* TASK TO CARRY OUT
Each line in the material below, starting at the one that contains "Người phụ nữ" and ending at the one that contains "لسهل وسهيل- فدعاهما", should be repeated exactly; the pictures should not.

* MATERIAL FOR THIS EXERCISE
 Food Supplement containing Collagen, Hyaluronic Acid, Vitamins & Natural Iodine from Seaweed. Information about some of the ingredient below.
==
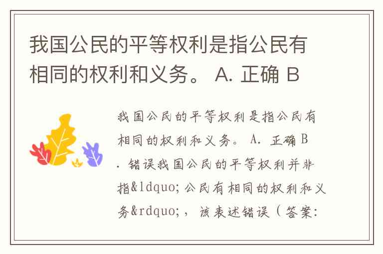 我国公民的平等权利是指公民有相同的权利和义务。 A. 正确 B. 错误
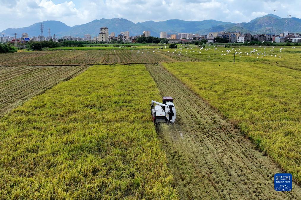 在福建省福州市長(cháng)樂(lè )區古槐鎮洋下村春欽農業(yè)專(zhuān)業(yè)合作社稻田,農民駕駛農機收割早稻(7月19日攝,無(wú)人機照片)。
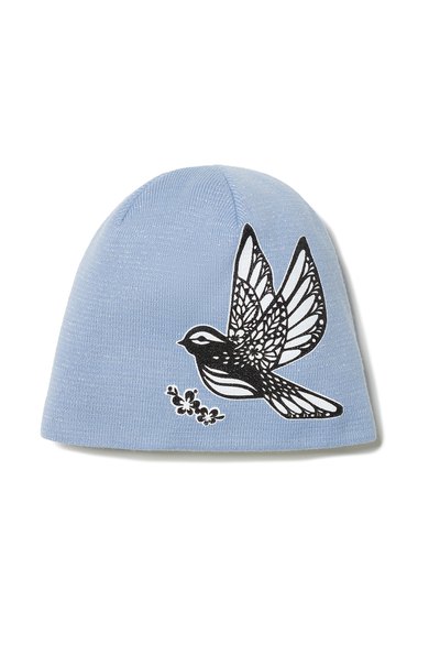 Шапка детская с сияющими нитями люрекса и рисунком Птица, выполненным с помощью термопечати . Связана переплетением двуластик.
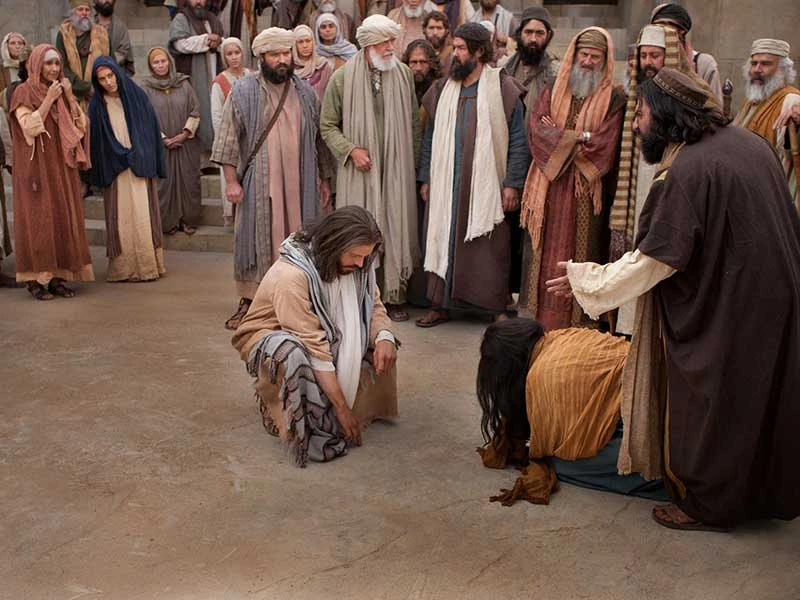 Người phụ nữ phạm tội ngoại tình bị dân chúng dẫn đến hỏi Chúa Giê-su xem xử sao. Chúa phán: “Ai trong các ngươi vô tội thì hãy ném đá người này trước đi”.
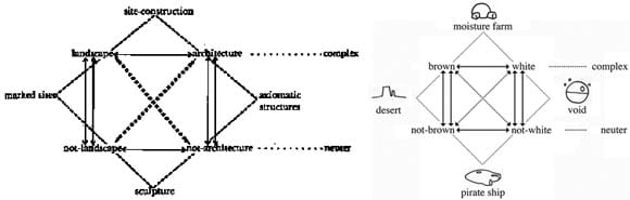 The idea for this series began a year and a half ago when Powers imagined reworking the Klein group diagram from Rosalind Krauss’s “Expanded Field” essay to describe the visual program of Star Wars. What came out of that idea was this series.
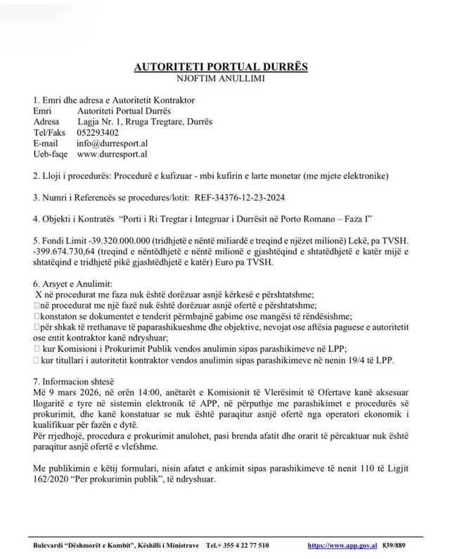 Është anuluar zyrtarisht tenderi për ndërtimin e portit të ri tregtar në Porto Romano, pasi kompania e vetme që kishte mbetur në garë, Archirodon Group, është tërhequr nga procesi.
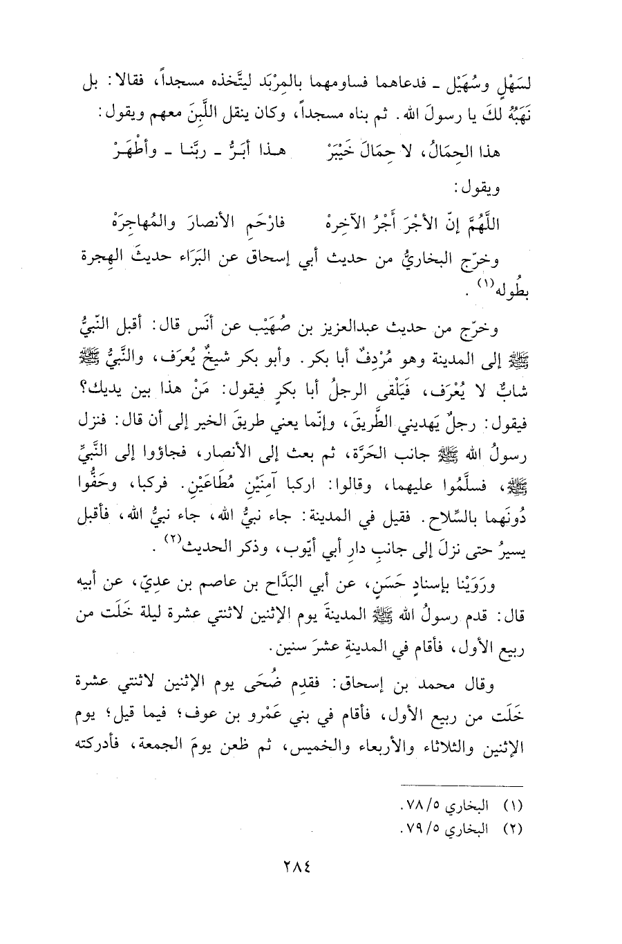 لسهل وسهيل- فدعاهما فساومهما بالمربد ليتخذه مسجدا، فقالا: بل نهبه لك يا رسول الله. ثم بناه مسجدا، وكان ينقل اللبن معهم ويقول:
* * *
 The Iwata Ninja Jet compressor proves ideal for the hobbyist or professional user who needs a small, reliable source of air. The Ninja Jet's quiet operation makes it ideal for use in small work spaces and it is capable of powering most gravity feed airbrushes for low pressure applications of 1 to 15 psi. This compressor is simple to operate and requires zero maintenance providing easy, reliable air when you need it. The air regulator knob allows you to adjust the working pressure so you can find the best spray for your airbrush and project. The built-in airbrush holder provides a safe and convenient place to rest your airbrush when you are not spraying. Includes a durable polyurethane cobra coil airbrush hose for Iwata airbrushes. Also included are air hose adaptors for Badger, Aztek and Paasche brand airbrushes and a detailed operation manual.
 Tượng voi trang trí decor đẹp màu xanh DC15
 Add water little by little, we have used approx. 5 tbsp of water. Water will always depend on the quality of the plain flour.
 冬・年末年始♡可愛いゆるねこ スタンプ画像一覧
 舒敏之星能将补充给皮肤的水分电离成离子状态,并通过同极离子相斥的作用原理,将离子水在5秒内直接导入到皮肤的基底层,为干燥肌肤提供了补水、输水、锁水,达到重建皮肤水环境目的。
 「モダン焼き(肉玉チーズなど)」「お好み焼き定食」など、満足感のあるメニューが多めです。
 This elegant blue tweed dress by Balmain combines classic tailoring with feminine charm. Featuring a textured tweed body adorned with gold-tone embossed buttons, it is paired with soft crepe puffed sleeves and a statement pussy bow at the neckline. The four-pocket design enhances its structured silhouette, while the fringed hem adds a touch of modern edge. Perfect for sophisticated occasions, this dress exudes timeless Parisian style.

* ANSWER FOR THE TASK
 Người phụ nữ phạm tội ngoại tình bị dân chúng dẫn đến hỏi Chúa Giê-su xem xử sao. Chúa phán: “Ai trong các ngươi vô tội thì hãy ném đá người này trước đi”.
 The idea for this series began a year and a half ago when Powers imagined reworking the Klein group diagram from Rosalind Krauss’s “Expanded Field” essay to describe the visual program of Star Wars. What came out of that idea was this series.
 Është anuluar zyrtarisht tenderi për ndërtimin e portit të ri tregtar në Porto Romano, pasi kompania e vetme që kishte mbetur në garë, Archirodon Group, është tërhequr nga procesi.
 لسهل وسهيل- فدعاهما فساومهما بالمربد ليتخذه مسجدا، فقالا: بل نهبه لك يا رسول الله. ثم بناه مسجدا، وكان ينقل اللبن معهم ويقول:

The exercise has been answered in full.